We’re now running into a problem we’ve run into before: so-called “intelligent” tokenization. The earliest version of this of which I’m aware is the Penn Treebank tokenization, which assumes sentence splitting has already been done. That way, the end-of-sentence punctuation can be treated differently than other punctuation. Specifically, “Mr. Smith ran. Then he jumped.” gets split into two sentences, “Mr. Smith ran.” and “Then he jumped.”. Now the fun starts. The periods at the end of a sentence are split off into their own token. The period after “Mr” remains, so the tokens are “Mr.”, “Smith”, “ran” and “.”. Note that the Treebank tokenizer also replaces double quotes with either left or right LaTex-style quotes, so there’s no way to reconstruct the underlying text from the tokens. Like many other projects, they also throw away the whitespace information in the data, so there’s no way to train something to do tokenization that’s whitespace sensitive because we just don’t have the whitespace. That’s what you get for releasing data like “John/PN ran/V ./PUNCT” — you just don’t know if there was space between that final verb “ran” and the full stop “.”. You’ll also see their script builds in all sorts of knowledge about English, such as a handful of contractions, so that “cannot” is split out into two tokens, “can” and “not”.
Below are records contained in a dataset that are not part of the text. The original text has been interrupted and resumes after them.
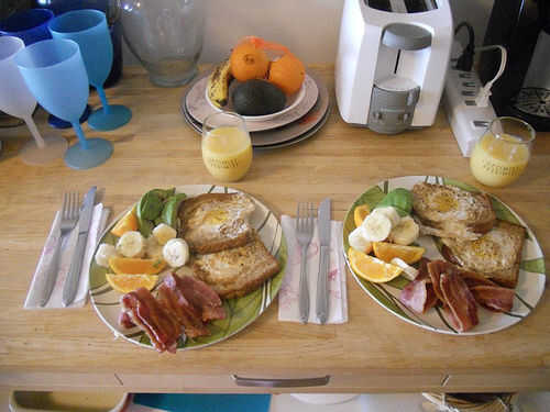 Servir como parte de un desayuno balanceado! Aquí nos estamos comiendo frutas y bacon! Era frío entonces porque yo seguí tomando tantas fotos, pero aún delicioso.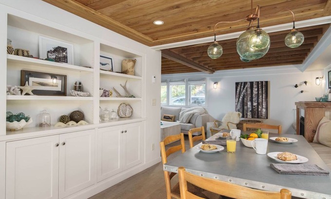 Enjoy your gourmet meals in the dining area just off the living room. There's lots to talk about here thanks to this space's elegant cabinet of curiosities full of coastal art and natural objects, as well as its custom light fixture made from salvaged Japanese floats.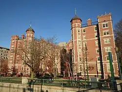 McCormick Hall,[46] located at 320 Memorial Drive, is a women-only dormitory housing 237 undergrads. It consists of two 8-floor towers (the east tower and the west tower) and an annex converted from two adjacent brownstone buildings. The three sections are connected on the ground floor. Each tower has a penthouse on the top floor that looks out on the Boston skyline. The east tower has only singles while the west tower has singles, doubles, and triples. The funds for building McCormick Hall came from Katharine Dexter McCormick (SB 1904, Biology), a leading biologist, suffragist, and philanthropist in the early twentieth century.[47] McCormick Hall was designed to advocate and encourage female participation in the field of STEM, supporting gender equality in the former US educational system.[48]

The most recent form of “intelligent” tokenization I’ve seen is perpetrated by UPenn, this time as part of their BioIE project. There, the data’s not even consistently tokenized, because they left it to annotators to decide on token boundaries. They then use statistical chunkers to uncover the tokenizations probabilistically.
Google’s n-gram data is also distributed without a tokenizer. It looks very simple, but there are lots of heuristic boundary conditions that make it very hard to run on new text. Practically speaking, the data’s out of bounds anyway because of its research-only license. Unlike the Penn Treebank or French Treebank, there’s no option to buy commercial licenses.
I’ve just been struggling with the French Treebank, which follows the Penn Treebank’s lead in using “intelligent” tokenization. The problem for us is that we don’t know French, so we can’t quite read the technical docs (in French), nor induce from the corpus how tokenization was done.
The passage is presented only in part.